Exotic Pets becoming an obsession



Kasey Overgaard, Staff Reporter

Many, as children, could say they have taken in a wild pet before—a turtle, a bunny or, possibly, a bird. It’s normal for a child to want to take home a furry friend, but what if the child wanted to take home a snake or tarantula? There are many strange pets out there. Why do these pet owners adore them so much?
Scott Shoemaker, director of Responsible Exotic Animal Ownership (REXANO), a U.S. education and lobby group said, “First, it’s just a love for the animal itself, a fascination with it. Second, it’s probably the challenge. Third, it’s the amount of dedication it takes” (theglobeandmail.com).
Shoemaker owns several strange and exotic pets, himself, including a cougar, bobcat, ocelot, several tigers and an African lion on his 10-acre property in Pahrump, Nevada.
It is true, exotic pets require special care, housing, diet and maintenance unlike the average dog and cat.
Surprisingly enough, this doesn’t stop the millions of wild animal pet owners in the U.S (bornfreeusa.com).  Born Free USA said it’s impossible to determine the exact number, because most states do not keep accurate data on exotic animals entering their sate.
According to National Geographic’s 2014 April issue, more exotic pets live in American homes than are cared for in zoos.
Wisconsin Department of Agriculture, Trade and Consumer Protection defines an exotic pet as any companion animal other than a dog, domestic housecat, ferret, hedgehog, pet bird, rabbit or domestic rodent (gerbil, guinea pig, hamster, or domestic mouse or rat).
Wisconsin, currently, does not have any restriction on exotic animals besides a Certificate of Veterinary Inspection (CVI). However, La Crosse does have restrictions within its city limits regarding ownership of any live monkey (nonhuman primate), raccoon, skunk, fox, poisonous snake, leopard, panther, tiger, lion, lynx or any other warm-blooded animal that can normally be found in the wild state.
In light of La Crosse, Kelly Foxton, from TLC’s episode of My Crazy Obsession, for example, has an obsession with her pet squirrel. “Obsessed,” in this case, means dressing up, photographing her pet squirrel and much more.
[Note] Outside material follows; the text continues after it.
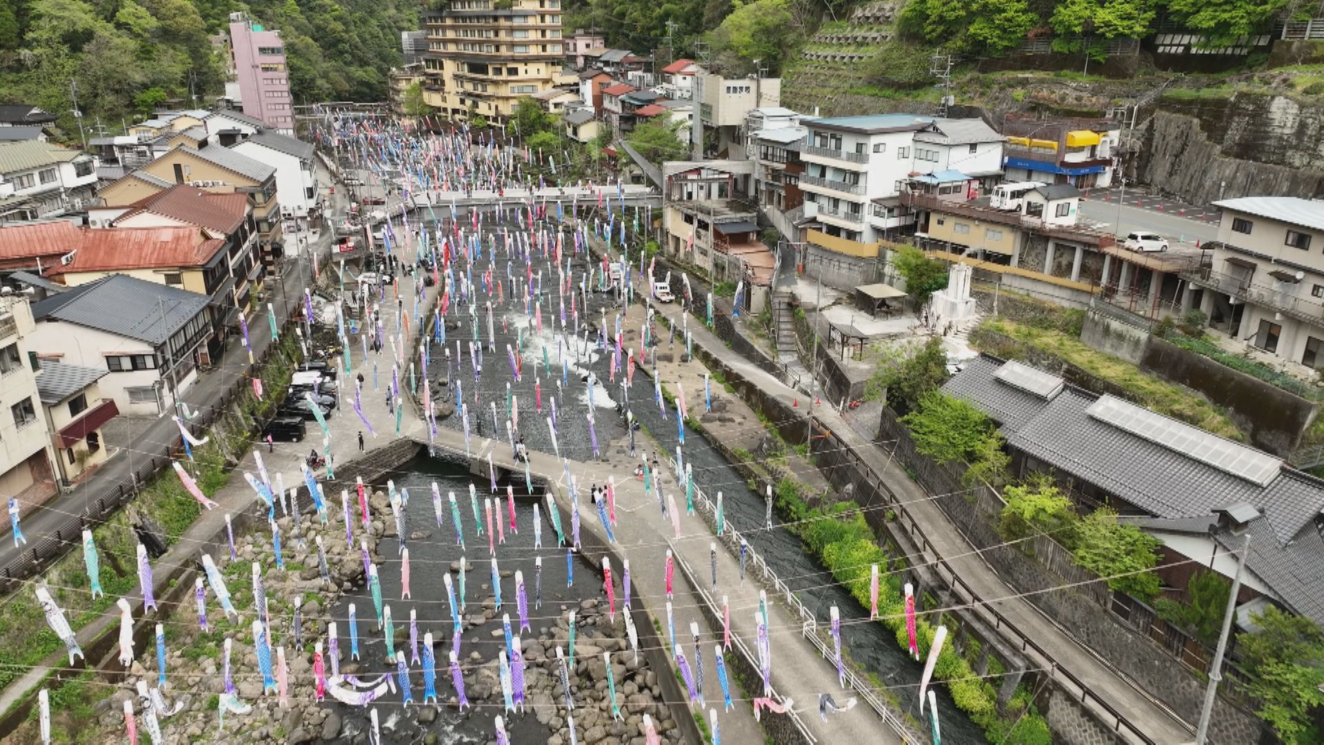 温泉街を流れる川の上で春風に揺られているのはおよそ3000匹のこいのぼり。800メートルほどにわたって圧巻の光景が広がっています。

Foxton’s husband, Drew Gardner, said, “Sugar Bush [the squirrel] started out as a means to have fun with, and it just snowballed” (tlc.com).
This is a bit of an extreme example, but it shows the obsession carried out by some pet owners.
Squirrels are not the only strange pets, and most do not need to be picked up off a tree. The Madagascar hissing cockroach can be bought for $.25 to three dollars. A tarantula can be purchased for $15, an Emperor scorpion for $20 and a Sugar Glider for $200 (therichest.com). Hedgehogs, which are legal in La Crosse, can be bought for $300, and, although, they have 5,000 to 7,000 quills, they do not trigger allergies and some would say they are, actually, “quite cuddly” (therichest.com).
There are many different pets in the households of America. Some are considered cute, while others weird. Although an obsession over anything is not considered healthy, it is apparent that exotic animals are more prominent than it seems in the households of not only the U.S., but Wisconsin, as well.